Senta Michelle Moses (born August 8, 1973) is an American actress. She is perhaps best known for her co-starring role as Phoebe,  the lab assistant in the children's series Beakman's World, Winnifred Leeds in General Hospital, Lizzie in Greek (2008-2009). Tracy McCallister in Home Alone (1990), & Home Alone 2: Lost in New York (1992)

Life and career
Moses was born on August 8, 1973, in Elmhurst, Illinois. She is of Italian and Lebanese descent.

She has been in show business since she was six months old appearing in a diaper commercial—which she refers to as "embarrassing".  She has since appeared in more than 100 national commercials—including ones for Teleflora, Wendy's and Toyota.

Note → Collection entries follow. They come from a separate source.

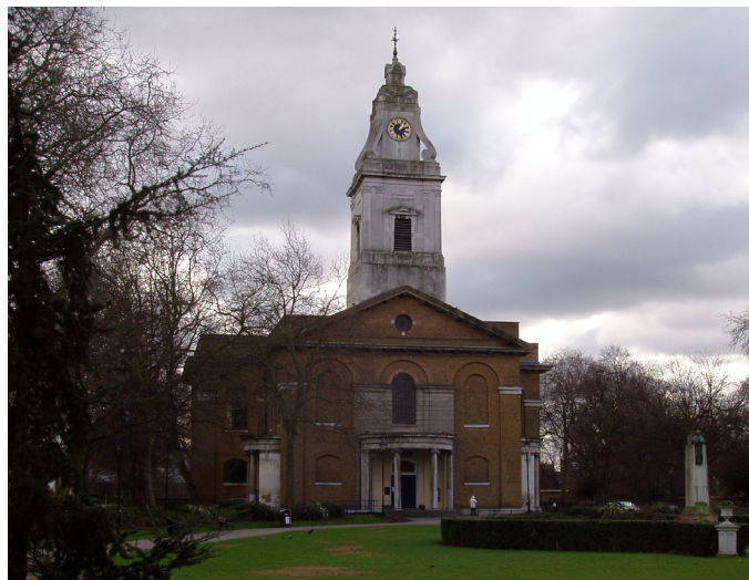
Fig 14: St John at Hackney 2013

This school opened in Cassland Road in 1906 as County Secondary School for Girls, South Hackney. It moved to Laura Place in 1916. Following several changes of name, it became Clapton Girls' Academy in 2011. The Laura Place site was extended in 1975. In 2010 it was updated by Jestico & Whites with 40% new buildings and 60% refurbished buildings. This refurbishment was a winner of the Hackney Design Awards 2010.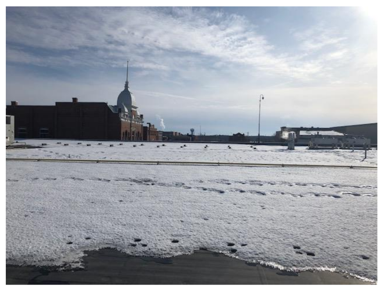
Figure 3 - Installation Area (Facing South)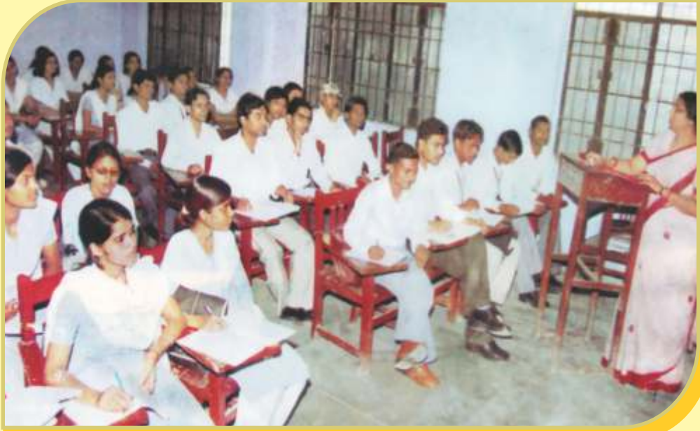
LECTURE ROOM OF OPTOMETRY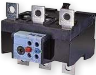
CES-RT4 160, 180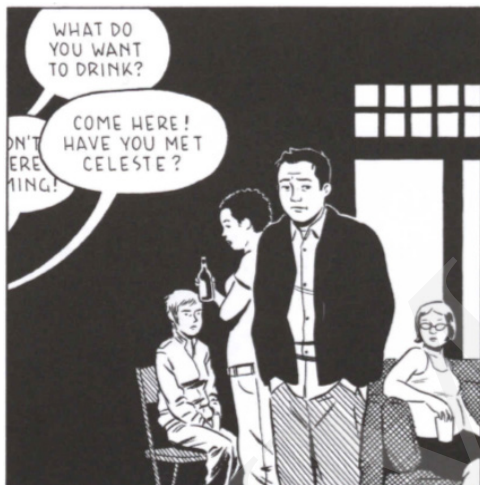
Fig 12. Tomine, A. (2012). Shortcomings . London: Faber and Faber, p. 52.

The final convention I want to point out is Tomine's way of showing how speech bubbles sometimes overlap and bleed into the text from other bubbles when protagonists interrupt each other: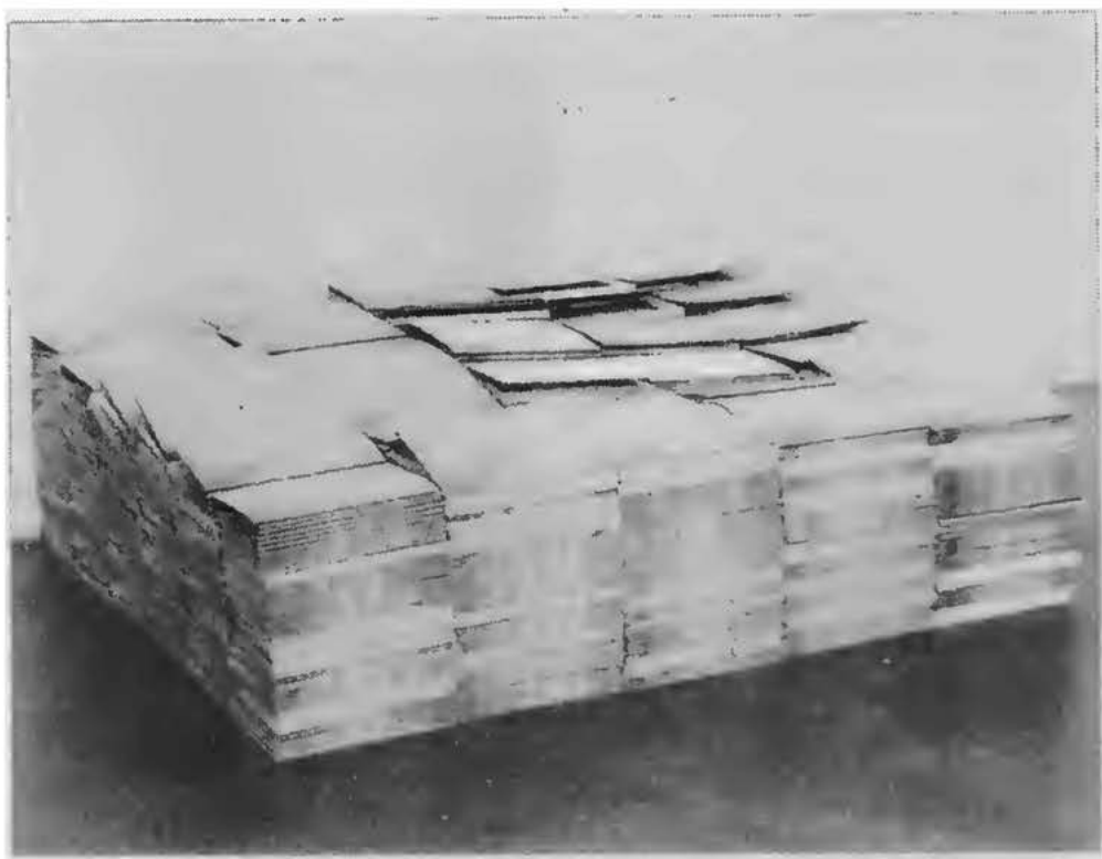
Felix Gonzalez-Torres. Untitled (Passport #11). 1993. Offset print on paper, endless copier. 8" x 31½" x 29¼." Courtesy of the Andrea Rosen Gallery and Collection Goetz, Munich.

In the stillness of this image can be heard the sounds of lives content, fulfilled. It is that aura of satisfaction which this image embraces, resurrects, bringing to life a vision of hope and possibility. The absence in this image is not meaningless death. What we see is a pedagogy of mourning that teaches us to understand that life well-lived shapes the nature of our journey, our passage from the moment we are born to the day we die. There are intimations of immortality in this and in Gonzalez-Torres's newer work, a sense of eternity that extends from this image into the artist's recent images of dark clouds where solitary birds fly. Gonzalez-Torres gives us a "passport." This passport has no places for "irrelevant" details: where we were born, in what country, dates or numbers. A passport of dark clouds, of birds in flight, moves us to a space beyond history, a space of mystery where there is no record, no documentation, nothing to recall. What is captured here is a moment of utter oneness where the experience of union, of perfect love transcends the realm of the senses. No boundaries exist. There are no limits.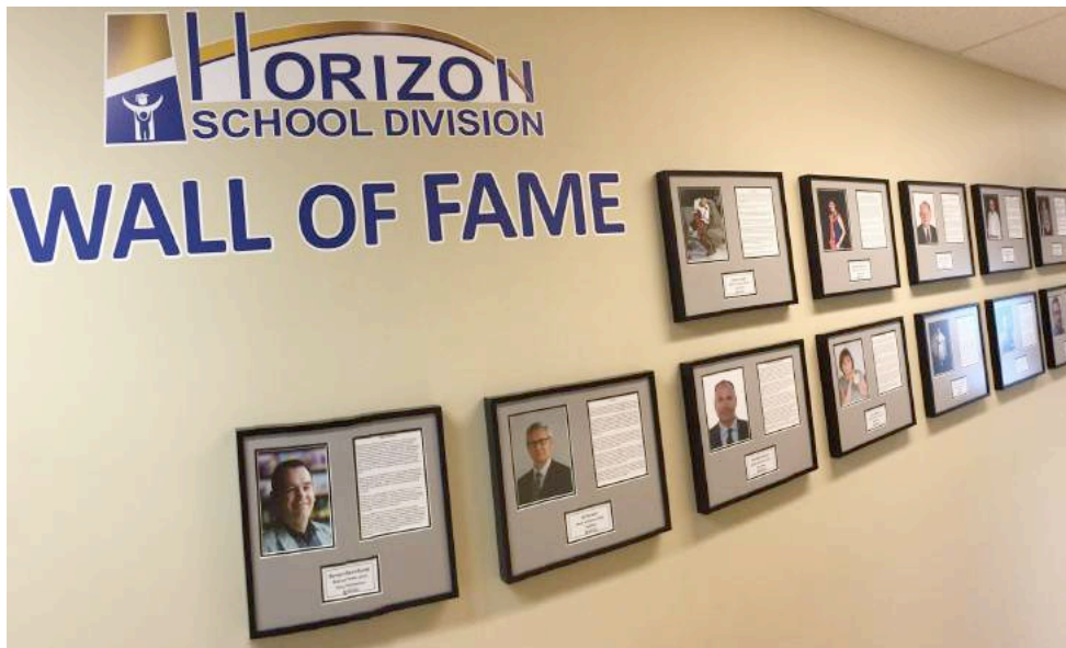
The Horizon School Division Wall of Fame at the division office in Humboldt, Saskatchewan.

Photos for this feature courtesy of the Horizon School Division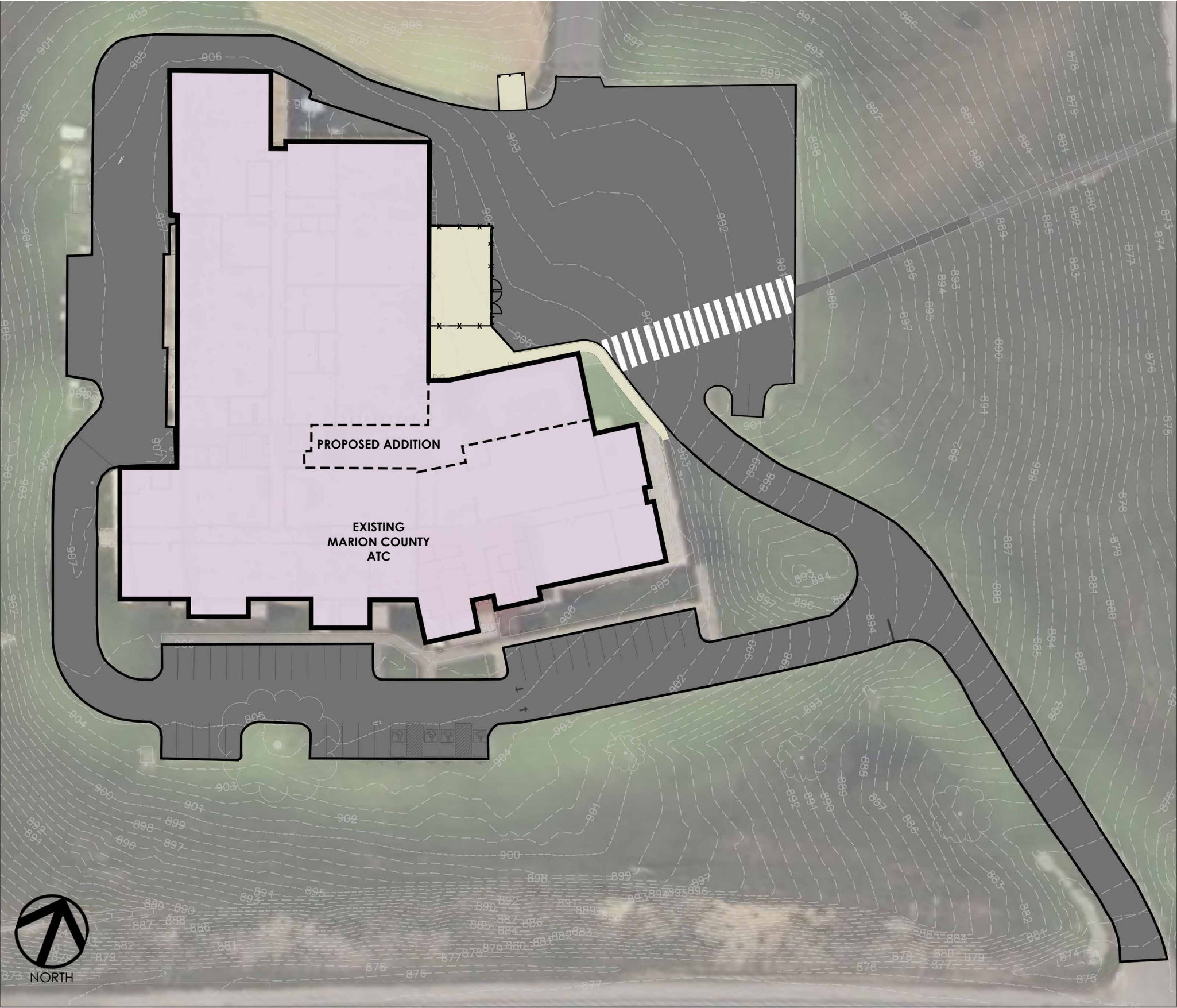
MARION COUNTY AREA TECHNOLOGY CENTER - SITE DEVELOPMENT LEBANON, KENTUCKY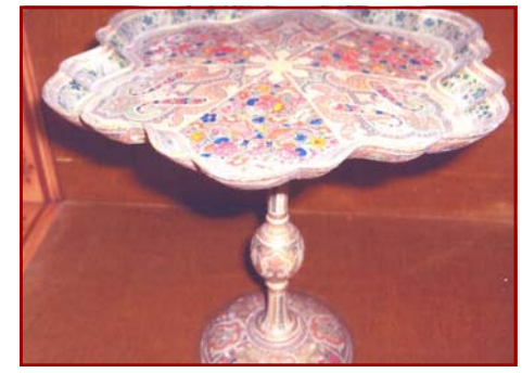
Calling-card tray and stand on top of the Herter Brothers cabinet, in the Drawing Room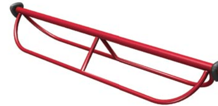
Tri Ladder #26088 Critical Fall Height: 8' (2.4m)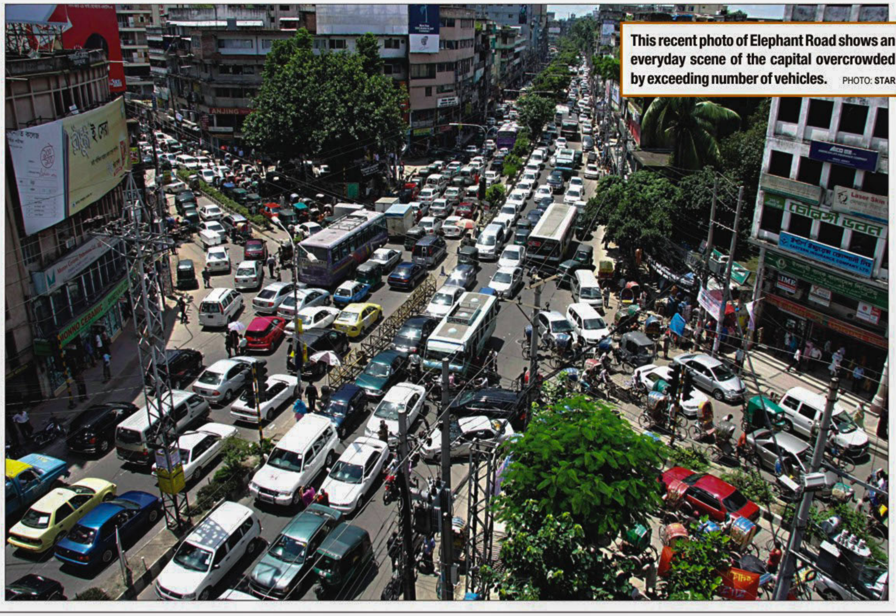
This recent photo of Elephant Road shows an everyday scene of the capital overcrowded by exceeding number of vehicles.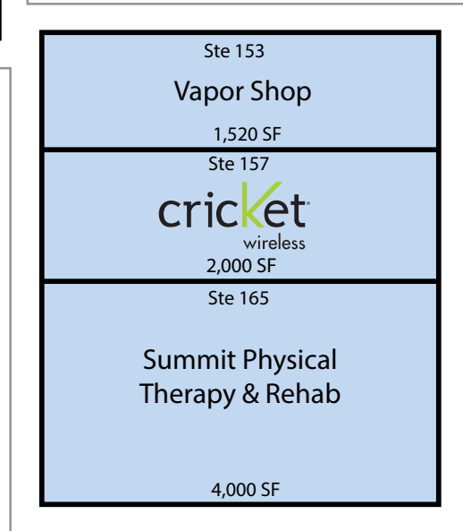
Building B 7,520 SF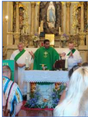
Last Sunday’s Mass

Reflecting on that experience reminds me of today’s readings and how they speak about the strong bond between Christ and His Church. Just like the natural connection I felt with my cousins because of our shared family ties, there’s a deep, unbreakable bond between Christ and His Church, because we are His Body - His flesh and blood - joined to Him through our faith and the sacraments.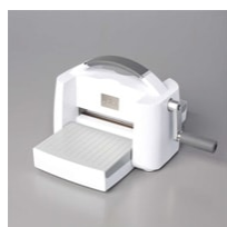
Stampin' Cut & Emboss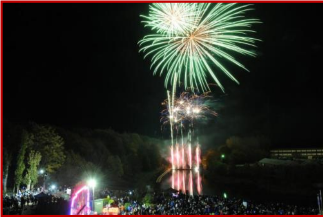
Anderton Boat Lift's spectacular firework display in action last year

One of the most iconic sights on British waterways, the Anderton Boat Lift, often referred to as the 'Cathedral of the Canals' connects the Trent & Mersey Canal to the River Weaver near Northwich, Cheshire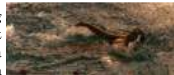
Water for fun...

The Footprint Trust has produced an easy to understand ‘tips leaflet’ aimed at householders and gardeners. This is available from Ventnor Botanic Garden, libraries and the Riverside Centre.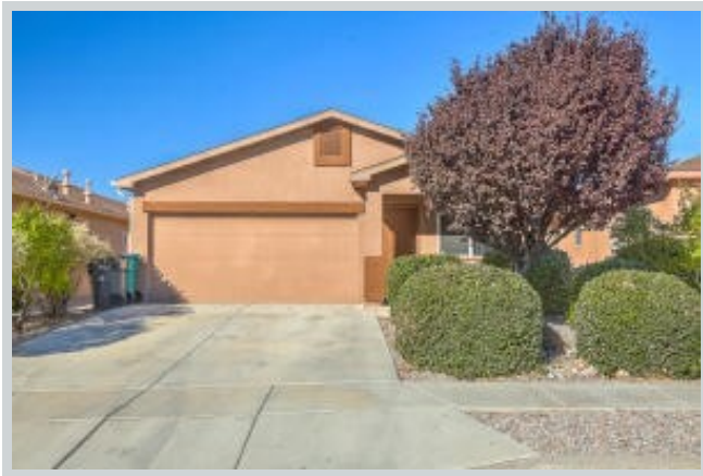
Listing Comp 1 3707 Ocotillo Dr Ne View Front

Address 1102 Desert Sunflower Drive, Rio Rancho, NM 87144 Loan Number 36563 Suggested List $148,000 Suggested Repaired $148,000 Sale $145,000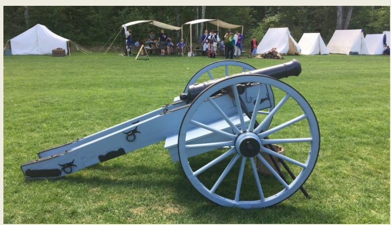
Colonial Brigade Encampment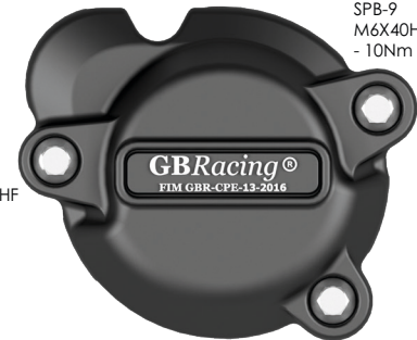
Bolt 3 SPB-9 M6X40HHF - 10Nm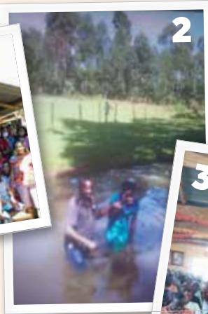
2 Mauryn reports 28 baptized by teams in Kenya.

At age seven, she landed the role of Molly in the National Touring Company of Annie, appearing in 487 performances. While pursuing her high school diploma at the Chicago Academy for the Arts, Moses co-starred in the 1990 feature film Home Alone and its 1992 sequel, Home Alone 2: Lost in New York, as one of the older cousins of Kevin McCallister (Macaulay Culkin). After graduation at age 16, Moses moved to California to attend University of Southern California's School of Theatre.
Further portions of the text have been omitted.